== Segment start ==

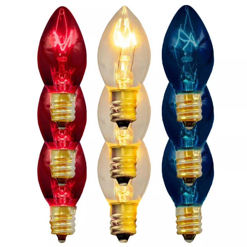 White C7 4th of July Steady Clear Holiday Lights Red White & Blue 25 Replacement Blubs
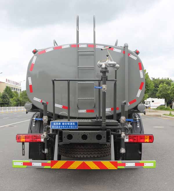 該車主要用于城鄉園林綠化噴灑;主要裝置為罐體及噴灑裝置;隨底盤選裝駕駛室,罐體總容量:11立方米;罐體有效容積:10.9立方米;罐體外形尺寸(長×長軸×短軸)(mm):3700×2400×1540;ABS控制器型號為CM4XL-4S/4M,ABS控制器生產企業為廣州瑞立科密汽車電子股份有限公司;側、后防護材料均為:Q235碳鋼,連接方式均為:螺栓連接,后部防護截面尺寸(mm):120×50,后部防護離地高度(mm):450.采用3950mm軸距.選裝電瓶,油箱出口位置,選裝擋泥板樣式。選裝側部及后部樣式時,后部防護為專用裝置代替,離地高度為450mm。
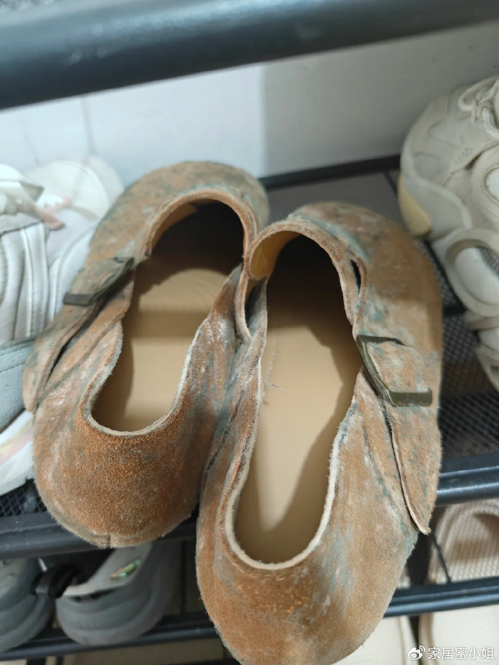 这样的鞋子就不要继续放在鞋柜了,否则还会污染到其他的鞋子,而且霉菌中会产生一种叫“黄曲霉素”的细菌,也不利于我们的健康。
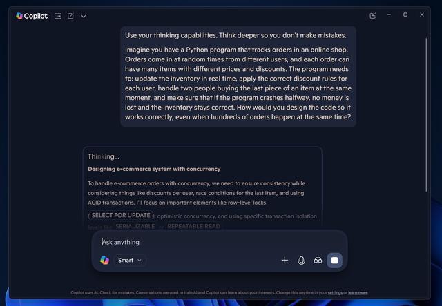 这意味着无需更新应用即可启用“智能”或 GPT-5 模式。但它与 OpenAI 的实现有何不同?在测试中,我们发现 Microsoft Copilot 免费提供宽松的用量限制。
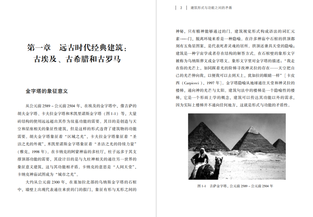 形式与功能的矛盾性应该被视为建筑中的一个重要元素。在建筑学历史体系中, 形式与功能的矛盾性并没有理论化, 并没有系统地阐述建筑实践中所蕴含的历史哲学理论。“形式” 是指建筑物的视觉外观 (线条、 轮廓、 形状、 构成);“功能” 是指建筑结构和功能要求 (结构、 居住、 计划、 组织、 使 用、 占地、 材料、 社会用途)。可以说形式是表示或表达功能的一种 形而上的方式, 但也不能完全这样认为。两者关系的现代内涵犹如 名言 “形式追随功能” 所说, 两者在建筑史中都起到重要的作用。
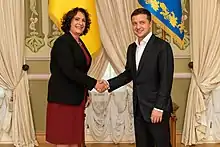 HE Melinda Simmons in 2019 with President Volodymyr Zelensky
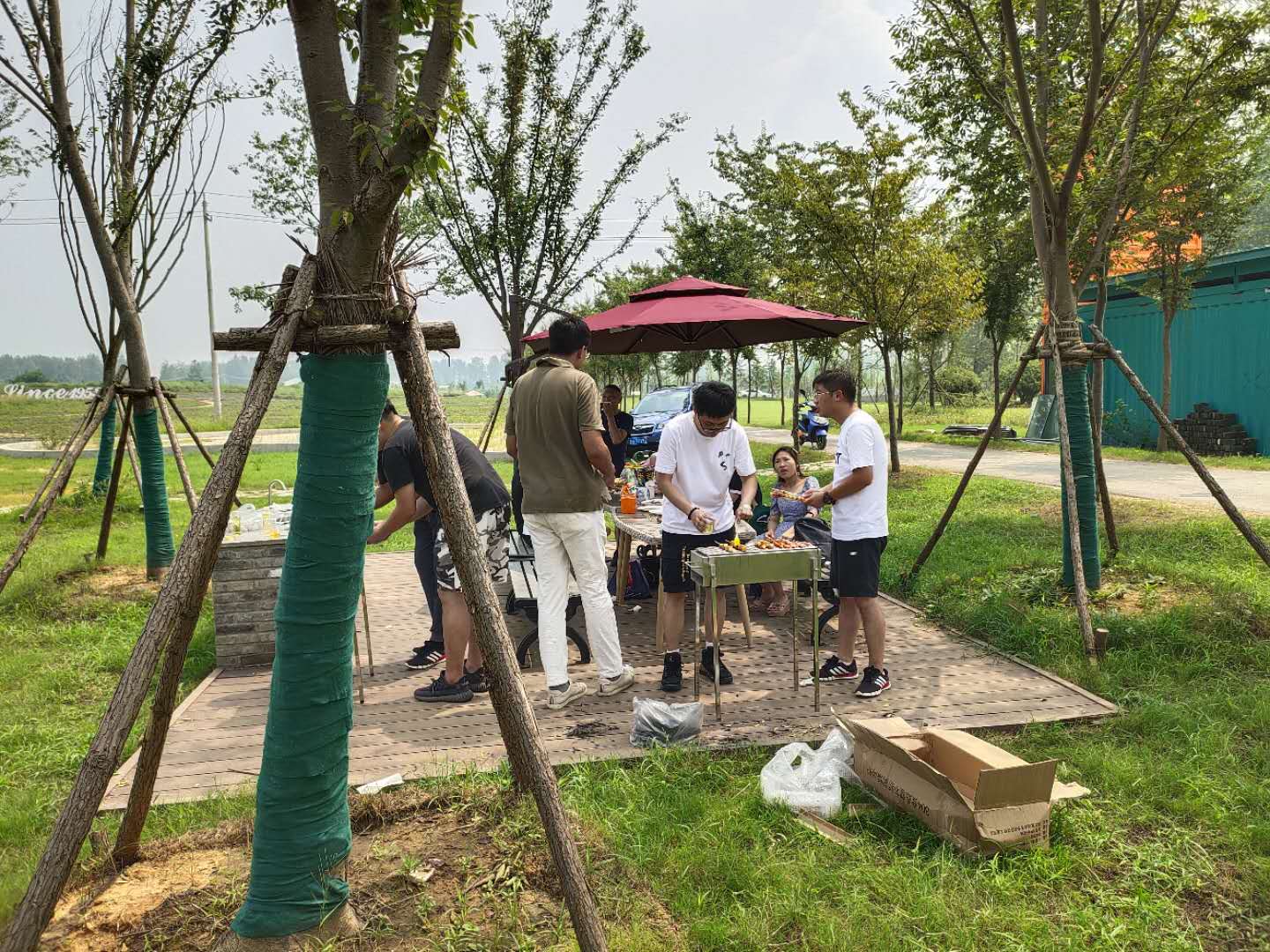 拓展活動結束后,團支部組織大家參加了集體燒烤和游園活動。為保障活動順利開展,觀月湖全體員工冒酷暑戰高溫,提前兩天把燒烤區準備完畢。參加活動的團員在享受到優美環境和美食的同時,也強烈地感受到身為揚建職工的榮譽感。
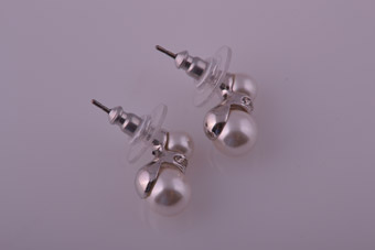 A classic pair of modern stud earrings set with faux pearls and white paste.
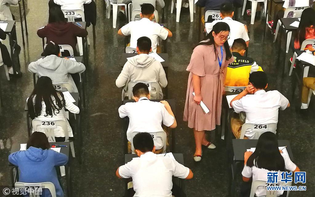 當(dāng)?shù)貢r間2018年9月29日,來自菲律賓首都大馬尼拉地區(qū)十所學(xué)校的1304名考生以及社會考生25名,在菲律賓光啟學(xué)校參加中國漢辦的漢語水平(HSK)考試,分別報考HSK二至六級考試。(圖片來源:視覺中國)
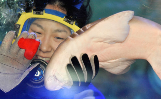 為迎接情人節(jié)到來,2月1日,日本首都東京的一個水族館,潛水員給鯊魚喂食紅心形的魚食。這一充滿浪漫情調(diào)的喂食活動將持續(xù)兩周。
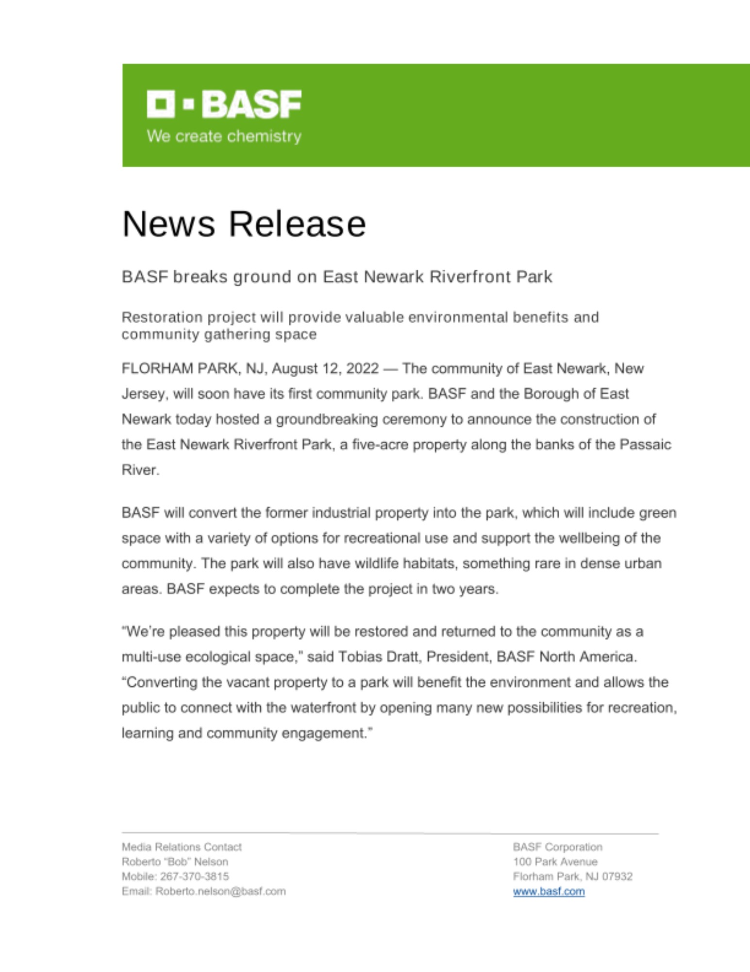 FLORHAM PARK, NJ, August 12, 2022 — The community of East Newark, New Jersey, will soon have its first community park. BASF and the Borough of East Newark today hosted a groundbreaking ceremony to announce the construction of the East Newark Riverfront Park, a five-acre property along the banks of the Passaic River.
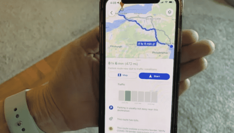Warnings also appear if you’re pulling up directions to another country, such as Canada, by car, foot or bicycle. Here the warning tells you that the route involves crossing a border, and that you should verify Covid-19 travel rules before you leave.
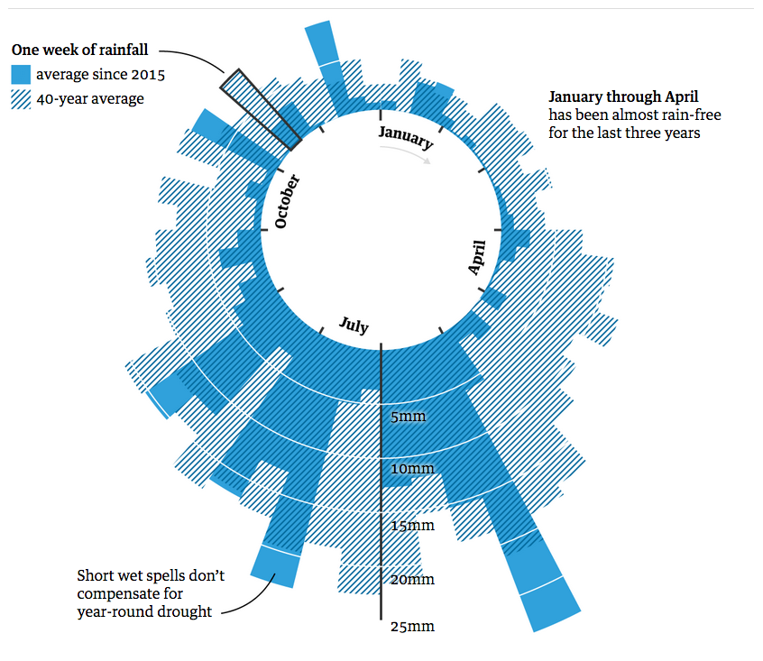 Enero, febrero y marzo suelen ser los meses más secos del año en la zona. Las lluvias no llegan hasta junio y duran por lo general hasta agosto. La alcaldesa de Ciudad el Cabo, Patricia De Lille, ha ordenado que cuando los niveles de los reservorios –que están en el 29% que tenían en 2014– bajen al 13,5%, el suministro municipal de agua sea cerrado salvo para servicios esenciales y los hospitales, a fin de prevenir una catástrofe sanitaria.
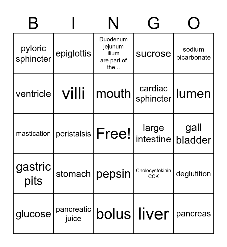 This bingo card has a free space and 31 words: bolus, esophagus, peristalsis, gastric juice, pyloric sphincter, Duodenum jejunum ilium are part of the..., villi, Cholecystokinin CCK, large intestine, liver, gall bladder, pancreas, lactose, polysaccharide, lumen, chyme, deglutition, stomach, gastric pits, pepsin, sodium bicarbonate, salivary amylase, glucose, epiglottis, cardiac sphincter, ventricle, sucrose, mastication, pancreatic juice, mouth and salivary glands.

== Segment end ==

Exercise description:
The answer should consist only of the lines above from the one with "該車主要用于城鄉園林綠化噴灑" through the one with "是指建筑物的视觉外观 (线条、 轮廓、", repeated exactly, with no pictures among them.

Answer:
 該車主要用于城鄉園林綠化噴灑;主要裝置為罐體及噴灑裝置;隨底盤選裝駕駛室,罐體總容量:11立方米;罐體有效容積:10.9立方米;罐體外形尺寸(長×長軸×短軸)(mm):3700×2400×1540;ABS控制器型號為CM4XL-4S/4M,ABS控制器生產企業為廣州瑞立科密汽車電子股份有限公司;側、后防護材料均為:Q235碳鋼,連接方式均為:螺栓連接,后部防護截面尺寸(mm):120×50,后部防護離地高度(mm):450.采用3950mm軸距.選裝電瓶,油箱出口位置,選裝擋泥板樣式。選裝側部及后部樣式時,后部防護為專用裝置代替,離地高度為450mm。
 这样的鞋子就不要继续放在鞋柜了,否则还会污染到其他的鞋子,而且霉菌中会产生一种叫“黄曲霉素”的细菌,也不利于我们的健康。
 这意味着无需更新应用即可启用“智能”或 GPT-5 模式。但它与 OpenAI 的实现有何不同?在测试中,我们发现 Microsoft Copilot 免费提供宽松的用量限制。
 形式与功能的矛盾性应该被视为建筑中的一个重要元素。在建筑学历史体系中, 形式与功能的矛盾性并没有理论化, 并没有系统地阐述建筑实践中所蕴含的历史哲学理论。“形式” 是指建筑物的视觉外观 (线条、 轮廓、 形状、 构成);“功能” 是指建筑结构和功能要求 (结构、 居住、 计划、 组织、 使 用、 占地、 材料、 社会用途)。可以说形式是表示或表达功能的一种 形而上的方式, 但也不能完全这样认为。两者关系的现代内涵犹如 名言 “形式追随功能” 所说, 两者在建筑史中都起到重要的作用。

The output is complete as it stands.